Он резко повернулся, пошел, унося желтые солнечные искры на своих начищенных пряжках.

Ему не сиделось дома, не сиделось и в чайхане; он вышел по заросшей дороге в сады. Весенний полив уже кончился; в садах было тихо, безлюдно. Тонким одиноким голосом кричала иволга. Земля, испещренная тенями, пахла сыростью и молодой травой. Вверху на деревьях легкая листва просвечивала под солнцем. Садык уходил все дальше от дороги, в прохладную глубину. Повстречался длинноухий задумчивый ослик, привязанный к дереву волосяным арканом. Садык положил ладонь на его бархатистый нос, ослик смешно затряс головой и фыркнул, забрызгав Садыку всю гимнастерку. Садык взял его за мягкое теплое ухо у самого корня и легонько потряс, приговаривая: «...Дурак, не плюйся в следующий раз!» И тут же подумал вслух: «Он выстрелит первый. Это очень плохо. Он вряд ли промахнется на таком расстоянии...» Ослик затих и не шевелился, рука Садыка так и осталась лежать на длинной серой голове, около теплого уха. Вспыхивали в солнечных полосах пчелы,

— Ну, ладно, — глубоко вздохнув, сказал Садык ослику. — Ладно! Ешь свою траву.

Садык не трусил, нет, — он просто не привык сражаться в одиночку. И еще ему не нравилось, что Али-Полван стреляет первым, — это ему очень не нравилось. Он вспоминал, сдвигая черные густые брови, прошлые бои — тогда ему было гораздо легче, рядом с товарищами. С неприязнью подумал он о женщинах: все из-за них! Если бы не эти дурацкие покрывала, тогда еще не известно, кто бы выстрелил первым. Тогда, во всяком случае, шансы были бы равными... «Ничего! Ладно!» — сказал он, еще раз посмотрел в глубокое тихое небо, точно стараясь запомнить его синеву, посмотрел на листья, светлые и прозрачные под солнцем, на ослика, что передергивал длинными ушами, стряхивая мух, — и пошел отрывистым твердым шагом обратно в кишлак, оставляя на сырой земле глубокие отпечатки своих каблуков.

Такова история этого замечательного собрания, о котором ходят теперь легенды по всей Фергане. Председатель колхоза лично обошел все дворы и предупредил каждую женщину в отдельности, что собрание предстоит чрезвычайной важности, общерайонного значения.
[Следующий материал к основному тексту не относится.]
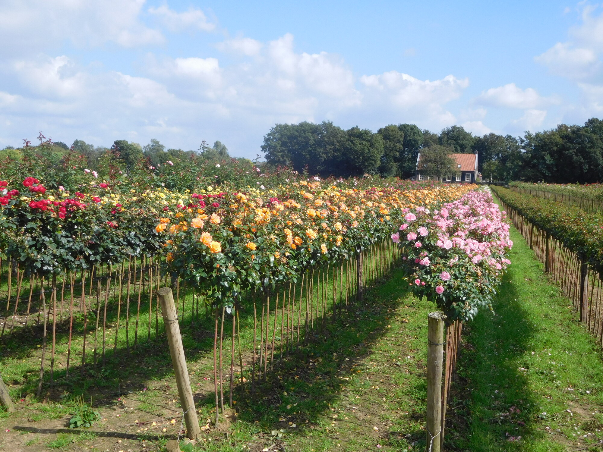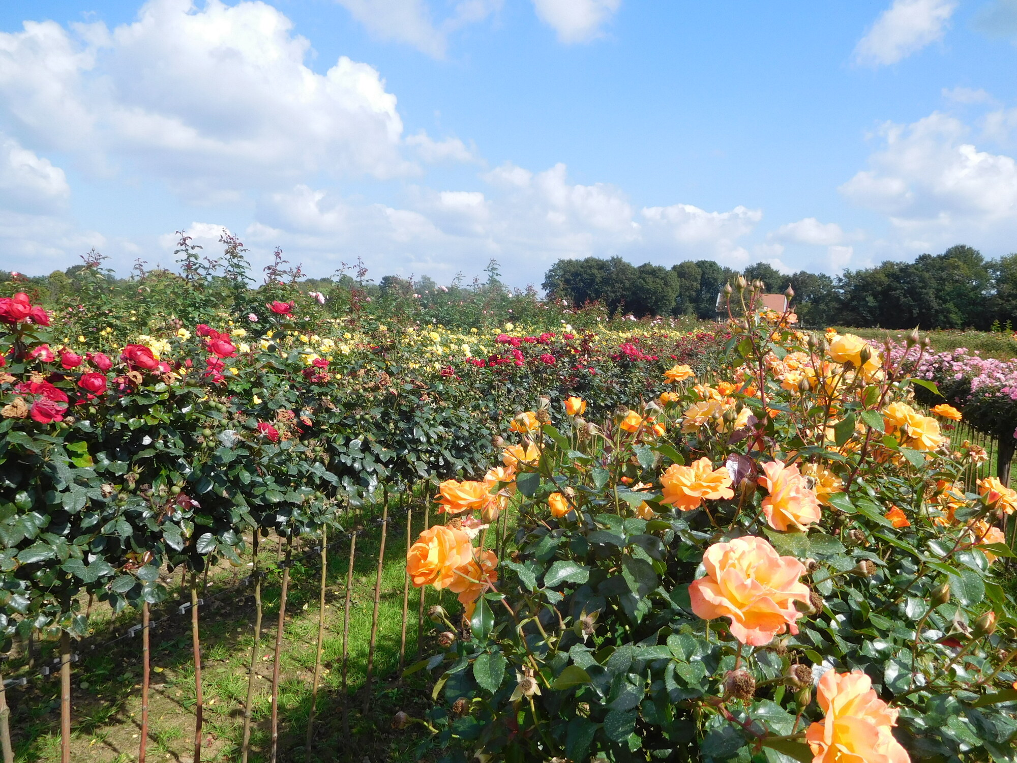 We next came to a large field with orderly rows of some kind of tall shrub, with leaves coming from a narrow woody stem. We looked at this hard as we cycled by, but could not identify it at all. The mystery was solved as we came to a further field with the things in bloom - tree roses! All through our ride these last days, we have passed very large plantings of nursery type stock. This country, of course, is famous for that kind of stuff.

К семи часам женщины начали собираться. Подобно теням они бесшумно проскальзывали в чайхану и садились, выбирая уголок потемнее. Но толстый чайханщик зажигал все новые и новые лампы; женщины удивлялись и, смеясь, спрашивали о причинах столь пышной иллюминации.
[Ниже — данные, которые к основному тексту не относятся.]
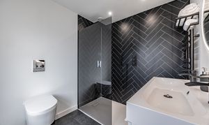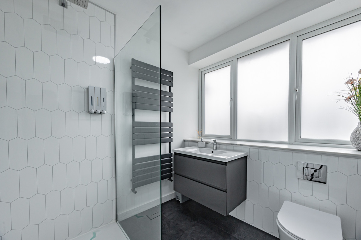 - Stylish family bathroom with a walk-in shower and a contemporary downstairs bathroom
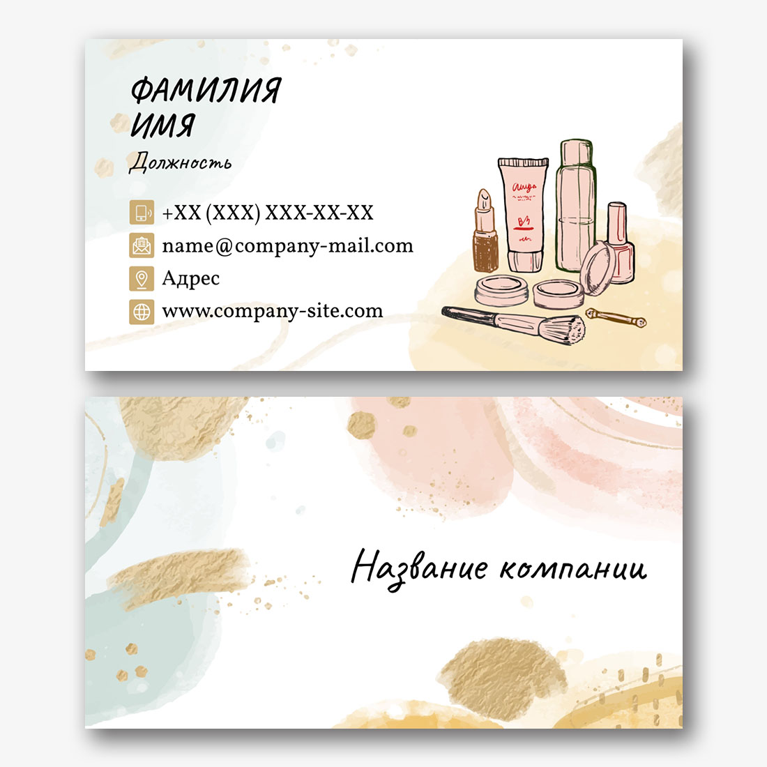 Бесплатный шаблон абстрактной визитки для визажиста. Создайте макет визитки своими руками в конструкторе визиток.

— Праздник, большой праздник, — отшучивался чайханщик. — Пришло распоряжение из центра — выдать самым красивым женщинам нашего кишлака премию по тысяче рублей, женщинам похуже — по пятьсот рублей, а всех старух оштрафовать по двадцать пять рублей каждую.

Смеялись молодые, смеялись старухи, кричали чайханщику:

— А нет ли распоряжения из центра штрафовать мужчин за толстый живот?

— Есть, — отвечал чайханщик, благодушно хлопая себя по животу, — есть такое распоряжение, но только начальник не успел еще подписать. Скоро подпишет, но к этому времени я уже похудею. Двигайтесь ближе к столу, красавицы. Почему вы сидите в таком беспорядке?

И, предупрежденный заранее, он с шутками и смехом рассаживал женщин рядами, чтобы Садыку удобнее было считать.

— Пятьдесят, пятьдесят одна, — считал про себя Садык. Он был серьезен и спокоен; он, единственный из всех собравшихся, ждал сегодня выстрела; это сделало его словно бы чуждым самому себе, отрешенным от всех своих мелких особенностей и привычек; еще ничего не сделав, он уже заранее чувствовал правоту во всех поступках, которые совершит. Глядя на женщин, он думал: «Нет, сегодня я не буду молиться на ваши дурацкие покрывала!» И, конечно, сегодня, быть может, в последние полчаса своей жизни, он имел право открыть, вопреки ветхому завету, их лица, потому что сам готовился пожертвовать для блага и процветания своей солнечной родины несравненно большим — всей жизнью.

Женщинам наскучило ждать, и все они кричали: «Пора!» Они сидели тесно, точно сомкнувшись для защиты от притаившегося врага; их покрывала сливались в сплошное черное пятно. «Ждут аванса под коконы!» — подумал Садык, наливаясь злобой. Будь его воля, он подверг бы всех женщин, всех без исключения, немедленному аресту за укрывательство и сообщничество. Нет, он молча должен ждать выстрела; которая же из них окажется девяносто шестой и выстрелит в него?

— Охотники собрались в сельсовете, — шепнул председатель. — Может быть, начнем?

— Еще рано, — ответил Садык. — Девяносто две, девяносто три... Он придет..! Ага! Девяносто четыре, девяносто пять. Он уже, наверняка, здесь. Подождем все-таки последнюю.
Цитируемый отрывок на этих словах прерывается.